## About this exercise
Copy only the lines between the one containing "強度がしっかり確保できるだけ" and the end of the records, both included, leaving out pictures.

## The input
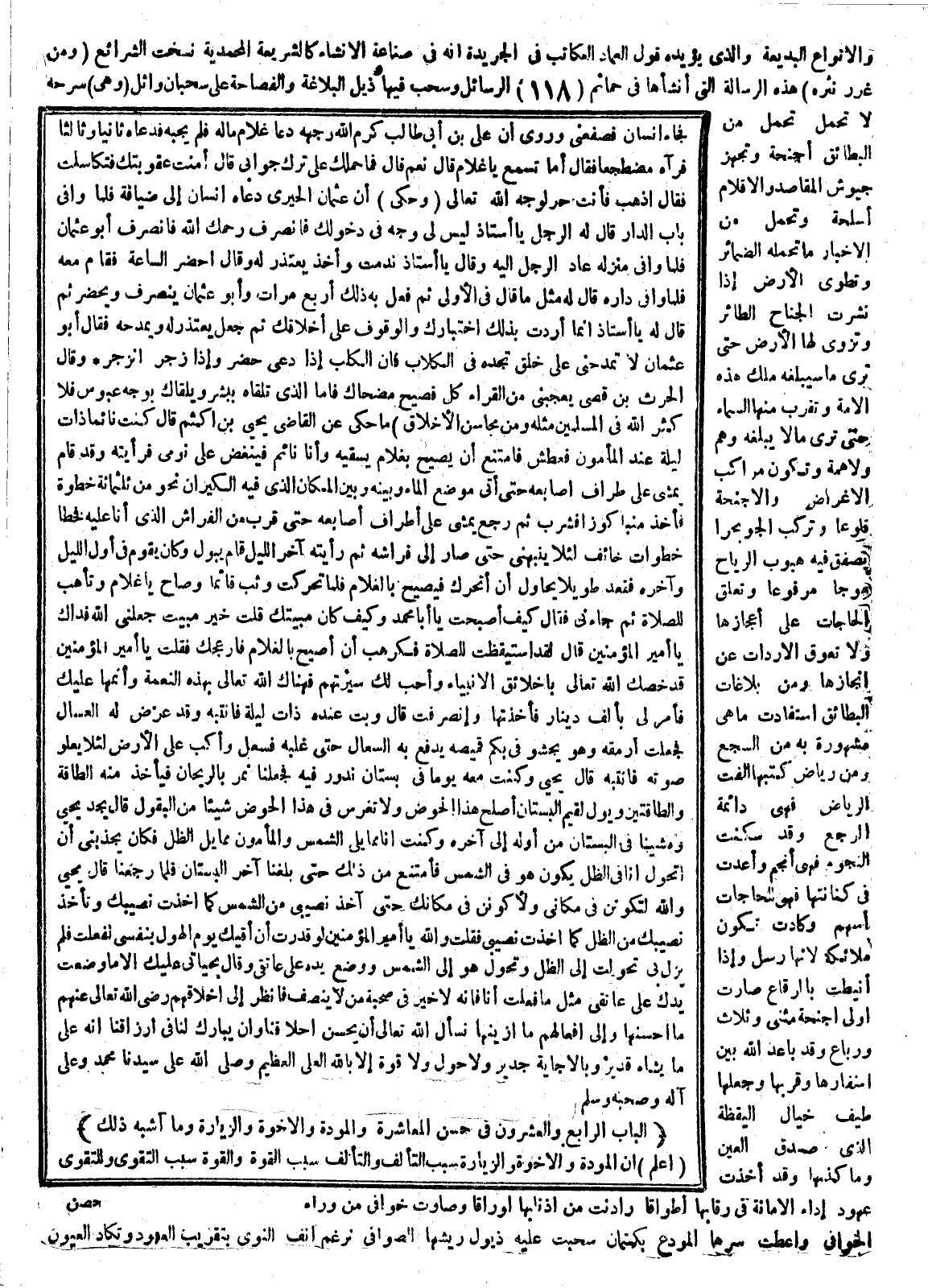 ومن غرر نثره هذه الرسالة التي أنشأها في حمائم الرسائل وسحب فيها ذيل البلاغة والفصاحة على سحبان وائل، وهي سرحة لا تحمل من البطائق أجنحة، وتجهز جيوش المقاصد والأقلام أسلحة، وتحمل من الأخبار ما تحمله الضمائر، وتطوير الأرض إذا نشرت الجناح الطائر، وتزوي لها الأرض حتى ترى ما سيبلغه ملك هذه الأمة، وتقرب منها السماء حتى ترى ما لا يبلغه وهم ولا همة، وتكون مراكب الأغراض والأجنحة قلوعا، وتركب الجو بحرا يصفق فيه هبوب الرياح موجاً مرفوعاً، وتعلق الحاجات على إعجازها، ولا تعوق الإرادات عن إنجازها ومن بلاغات البطائق استعادت ما هي مشهورة به من السجع، ومن رياض كتبها ألفت الرياض فهي دائمة الرجع، وقد سكنت النجوم فهي أنجم، وأعدت في كنانتها فهي للحاجات أسهم، وكادت تكون ملائكة لأنها رسل، وإذا أنيطت بالرقاع صارت أولي أجنحة مثنى وثلاث ورباع، وقد باعد الله بين أسفارها وقربها، وجعلها طيف خيال اليقظة الذي صدق العين وما كذبها، وقد أخذت عهود أداء الأمانة في رقابها أطواقا وأدت من أذنابها أورقاا، وصارت خوافي من وراء الخوافي، وأعطت سرها المودع بكتمان سحبت عليه ذيول ريشها الصوافي، ترغم أنف النوى بتقريب العهود، وتكاد العيون
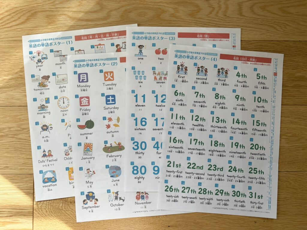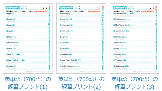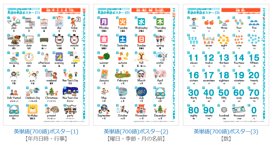 ちびむすドリル英語では、小学校の教科書に出てくる英単語700語が①ポスターと②練習プリントとしてまとめられています。
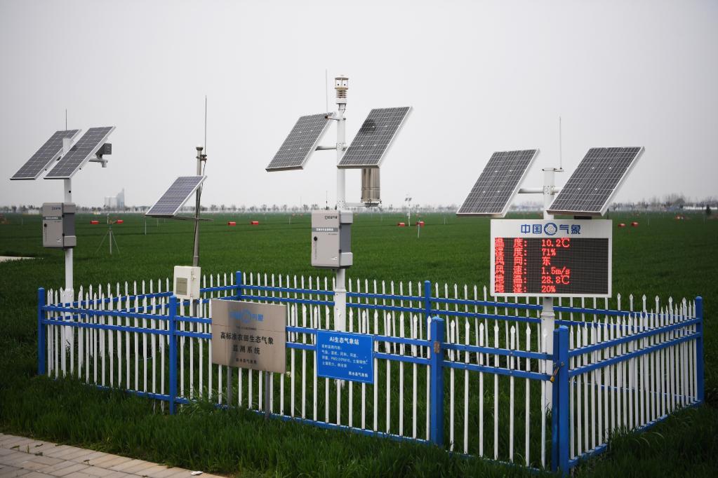 3月22日,商水縣高標(biāo)準(zhǔn)農(nóng)田示范區(qū)內(nèi)的田間氣象站。新華社記者 張浩然 攝
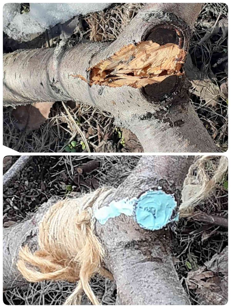 桃の木が雪の重さで裂けました😭なんとか治してみましたが……水分が通いますように🙏
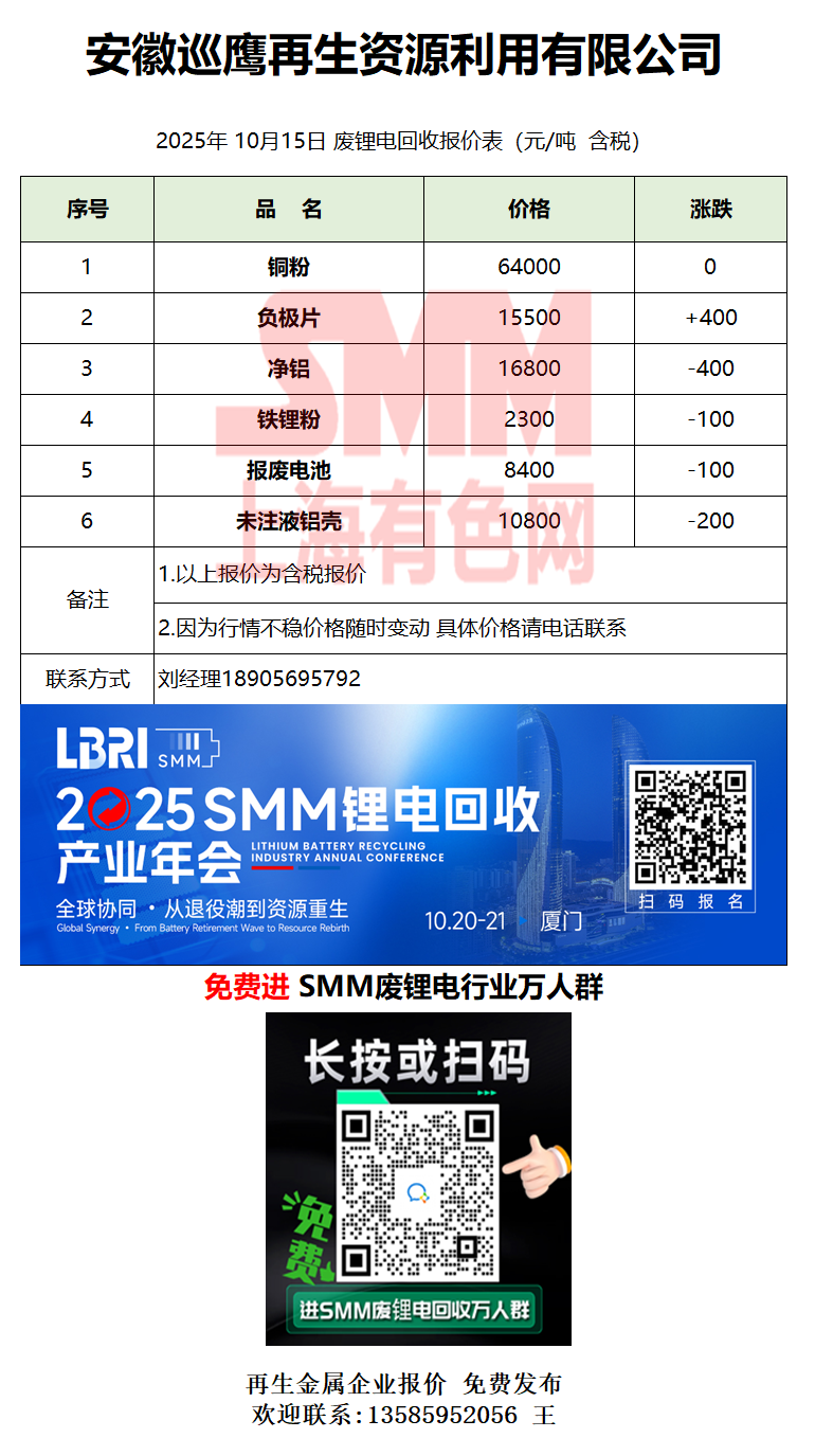 10月15日安徽巡鹰 废锂电采购报价
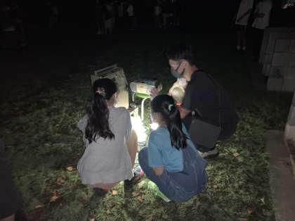 夕食後、グラウンドに出て、キャンプファイヤーをしました。グラウンドに出るのは今回が初めて。はじめに、火の神から、勇気、希望、団結の3つの火をもらいました。そのあと、レク係が準備してきたゲームやクイズを行いました。
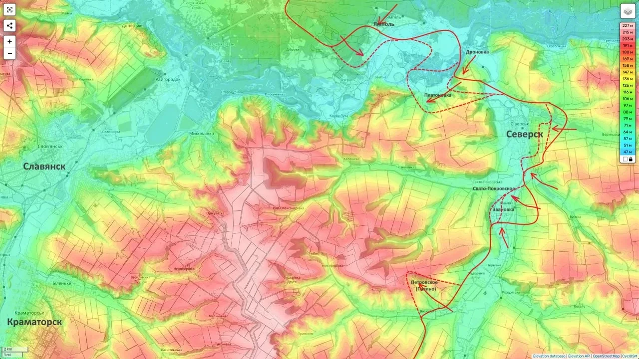 На Северском направлении обстановка складывается благоприятно. После освобождения Звановки и Ямполя российские части начали операцию по заходу в глубокий тыл северской группировки противника, создавая угрозу ее окружения. Занятие высот южнее Закотного позволяет взять под контроль ключевые линии логистики.
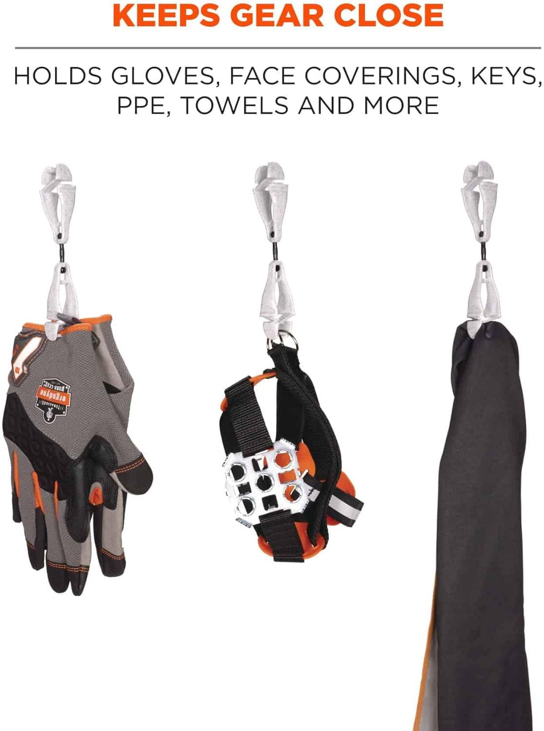 Ergodyne Squids 3420 Swiveling Glove Clip Holder with Dual Clips(Granite – 6-Pack)
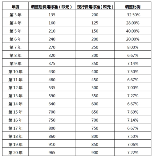附加檢索費(fèi):370 歐元(當(dāng)前為350 歐元)
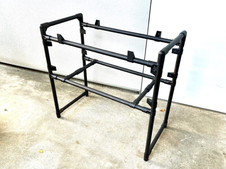 強度がしっかり確保できるだけでなく、イレクターの武骨な感じと木の組み合わせがクールで、カッコいいスタンドができました。
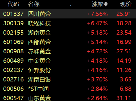 四川黄金涨超7%,湖南黄金、西部黄金涨超5%,赤峰黄金、中金黄金、山东黄金等跟涨。
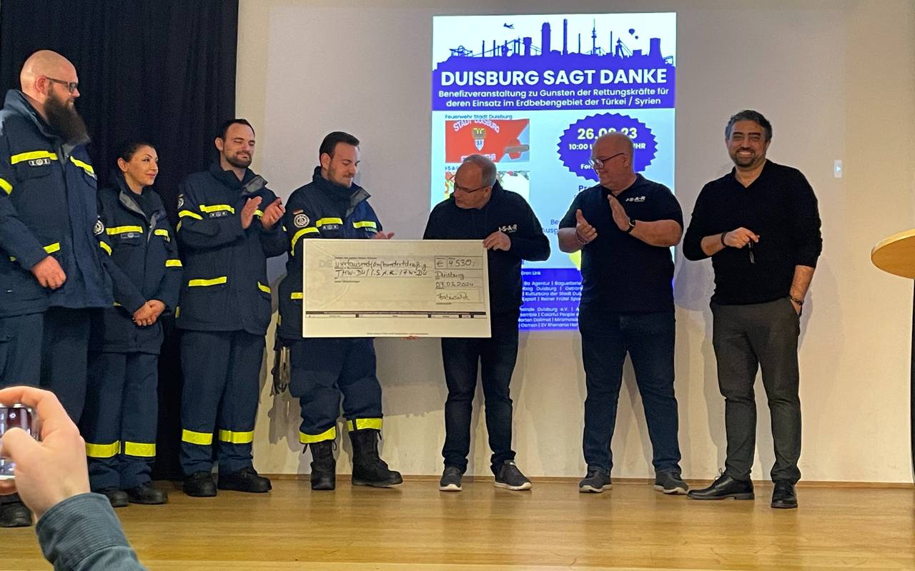 Ein Jahr nach dem Erdbeben in der Türkei und Syrien haben verschiedene türkischstämmige Vereine und andere Institutionen "Danke" gesagt. Danke, für die Hilfe von THW, ISAR Germany und Feuerwehr Duisburg im Erdbebengebiet. Bei einer Benefizaktion im August sind unter anderem mehrere tausend Euro gesammelt worden.
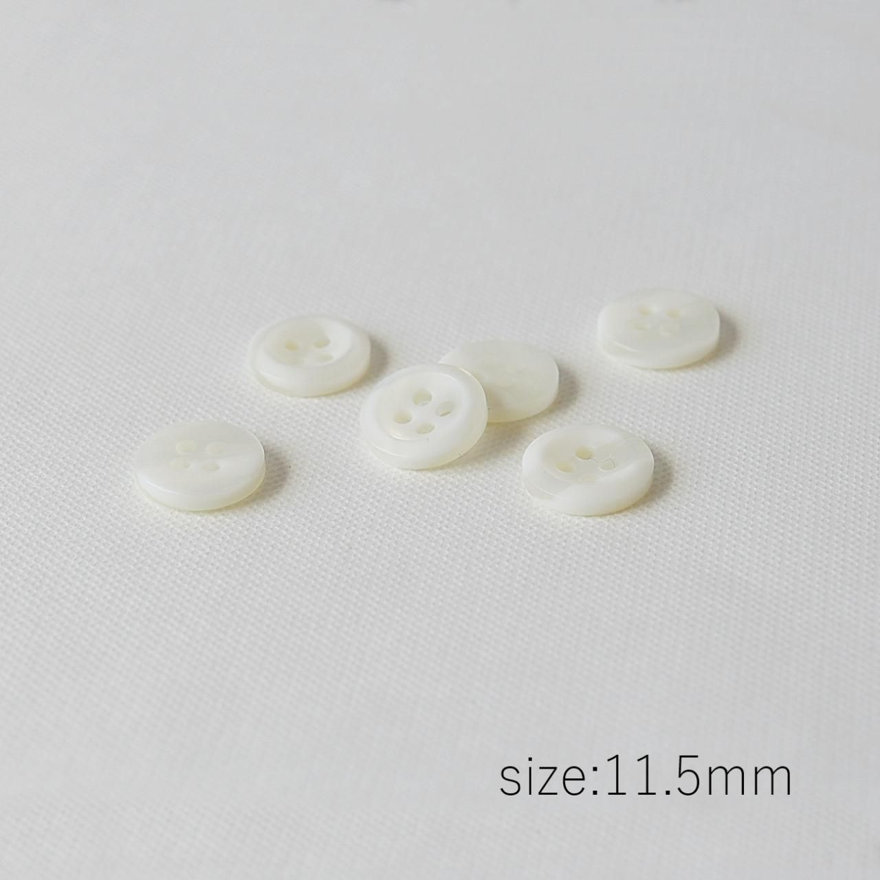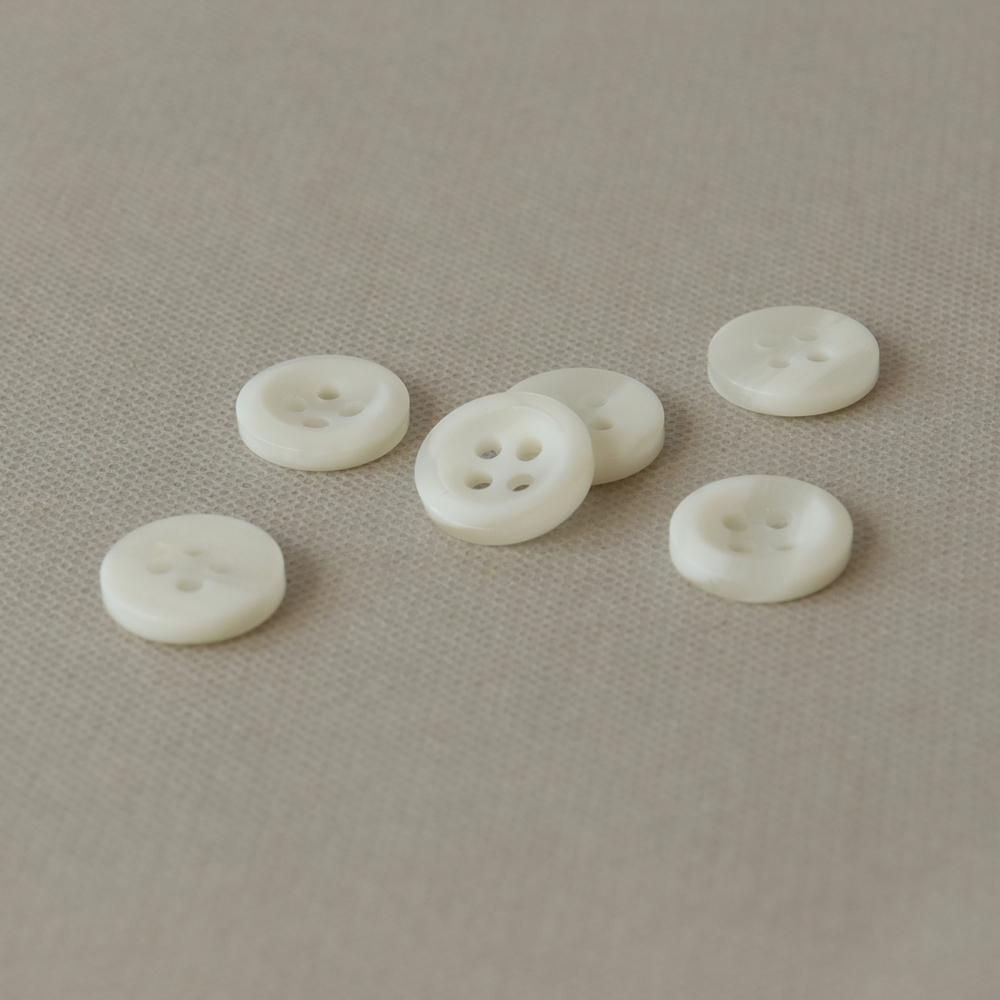 半ツヤ仕上げの白ボタンなので、生地に溶け込むような馴染みやすさがあります。
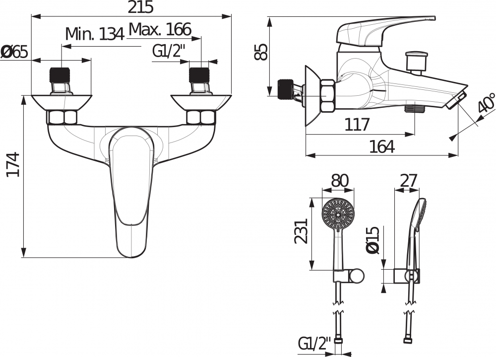 Смеситель для ванной Jika Deep однорычажный с ручным душем хром

## Response for this exercise
 強度がしっかり確保できるだけでなく、イレクターの武骨な感じと木の組み合わせがクールで、カッコいいスタンドができました。
 四川黄金涨超7%,湖南黄金、西部黄金涨超5%,赤峰黄金、中金黄金、山东黄金等跟涨。
 Ein Jahr nach dem Erdbeben in der Türkei und Syrien haben verschiedene türkischstämmige Vereine und andere Institutionen "Danke" gesagt. Danke, für die Hilfe von THW, ISAR Germany und Feuerwehr Duisburg im Erdbebengebiet. Bei einer Benefizaktion im August sind unter anderem mehrere tausend Euro gesammelt worden.
 半ツヤ仕上げの白ボタンなので、生地に溶け込むような馴染みやすさがあります。
 Смеситель для ванной Jika Deep однорычажный с ручным душем хром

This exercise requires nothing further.